THE PROBLEM: Among the entries below, please repeat exactly and only the lines from the line containing "This image was" to the line containing "Designed to make", both lines included.

DATA FOR THIS EXERCISE:
# # # #

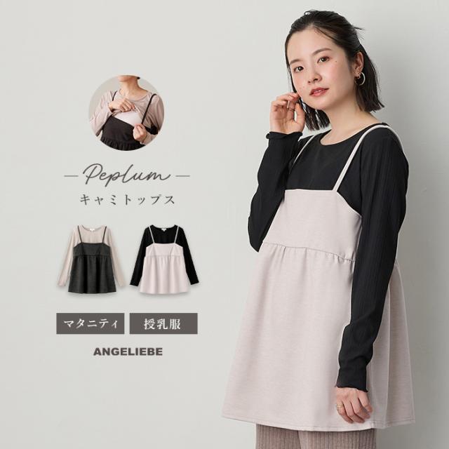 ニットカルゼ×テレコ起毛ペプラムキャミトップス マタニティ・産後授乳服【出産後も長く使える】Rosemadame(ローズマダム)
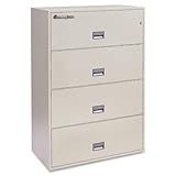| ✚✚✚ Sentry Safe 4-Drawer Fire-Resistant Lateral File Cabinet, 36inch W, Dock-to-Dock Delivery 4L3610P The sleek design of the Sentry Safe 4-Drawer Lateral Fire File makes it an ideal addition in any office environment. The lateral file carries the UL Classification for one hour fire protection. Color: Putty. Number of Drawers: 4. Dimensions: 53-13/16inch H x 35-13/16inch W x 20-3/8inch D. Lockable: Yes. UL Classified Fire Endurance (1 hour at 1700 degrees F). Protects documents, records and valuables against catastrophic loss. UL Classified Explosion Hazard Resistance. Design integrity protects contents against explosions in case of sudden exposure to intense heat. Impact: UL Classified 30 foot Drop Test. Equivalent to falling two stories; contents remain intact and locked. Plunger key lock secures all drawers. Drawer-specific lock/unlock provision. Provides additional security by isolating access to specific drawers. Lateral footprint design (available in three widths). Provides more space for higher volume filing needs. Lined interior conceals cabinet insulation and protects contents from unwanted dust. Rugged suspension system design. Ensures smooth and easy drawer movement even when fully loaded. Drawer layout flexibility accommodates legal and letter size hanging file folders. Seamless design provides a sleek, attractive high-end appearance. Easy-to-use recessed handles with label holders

# # # #

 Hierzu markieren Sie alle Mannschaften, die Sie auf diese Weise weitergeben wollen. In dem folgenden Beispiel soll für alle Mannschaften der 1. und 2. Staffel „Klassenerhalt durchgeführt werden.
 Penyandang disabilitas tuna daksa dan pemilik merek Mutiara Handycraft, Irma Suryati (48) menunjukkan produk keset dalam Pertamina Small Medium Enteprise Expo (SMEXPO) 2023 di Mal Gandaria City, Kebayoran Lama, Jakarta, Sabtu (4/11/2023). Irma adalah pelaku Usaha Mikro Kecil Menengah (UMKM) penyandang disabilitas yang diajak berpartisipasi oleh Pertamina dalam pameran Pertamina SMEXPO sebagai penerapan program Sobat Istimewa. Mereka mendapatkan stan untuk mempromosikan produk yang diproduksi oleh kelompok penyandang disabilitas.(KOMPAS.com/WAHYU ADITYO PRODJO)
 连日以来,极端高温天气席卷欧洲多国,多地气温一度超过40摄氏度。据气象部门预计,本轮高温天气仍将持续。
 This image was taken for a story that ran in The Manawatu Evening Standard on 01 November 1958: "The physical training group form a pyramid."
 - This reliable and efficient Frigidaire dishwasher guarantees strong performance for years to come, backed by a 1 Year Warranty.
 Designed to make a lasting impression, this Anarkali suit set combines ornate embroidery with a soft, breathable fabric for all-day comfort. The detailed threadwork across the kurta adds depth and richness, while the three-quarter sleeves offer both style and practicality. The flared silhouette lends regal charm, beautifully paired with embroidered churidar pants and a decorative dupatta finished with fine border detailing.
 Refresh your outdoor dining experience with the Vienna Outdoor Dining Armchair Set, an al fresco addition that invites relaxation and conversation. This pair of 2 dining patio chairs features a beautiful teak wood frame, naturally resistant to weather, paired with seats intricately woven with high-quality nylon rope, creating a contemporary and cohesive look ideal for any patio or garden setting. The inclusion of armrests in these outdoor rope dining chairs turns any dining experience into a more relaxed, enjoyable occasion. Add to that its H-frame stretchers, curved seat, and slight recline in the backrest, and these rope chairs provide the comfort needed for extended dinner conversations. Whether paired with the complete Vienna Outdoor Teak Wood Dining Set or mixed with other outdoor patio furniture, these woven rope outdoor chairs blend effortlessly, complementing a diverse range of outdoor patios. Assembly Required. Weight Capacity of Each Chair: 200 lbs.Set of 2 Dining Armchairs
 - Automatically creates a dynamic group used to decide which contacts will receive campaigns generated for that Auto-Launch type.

# # # #

ANSWER SPACE:
 This image was taken for a story that ran in The Manawatu Evening Standard on 01 November 1958: "The physical training group form a pyramid."
 - This reliable and efficient Frigidaire dishwasher guarantees strong performance for years to come, backed by a 1 Year Warranty.
 Designed to make a lasting impression, this Anarkali suit set combines ornate embroidery with a soft, breathable fabric for all-day comfort. The detailed threadwork across the kurta adds depth and richness, while the three-quarter sleeves offer both style and practicality. The flared silhouette lends regal charm, beautifully paired with embroidered churidar pants and a decorative dupatta finished with fine border detailing.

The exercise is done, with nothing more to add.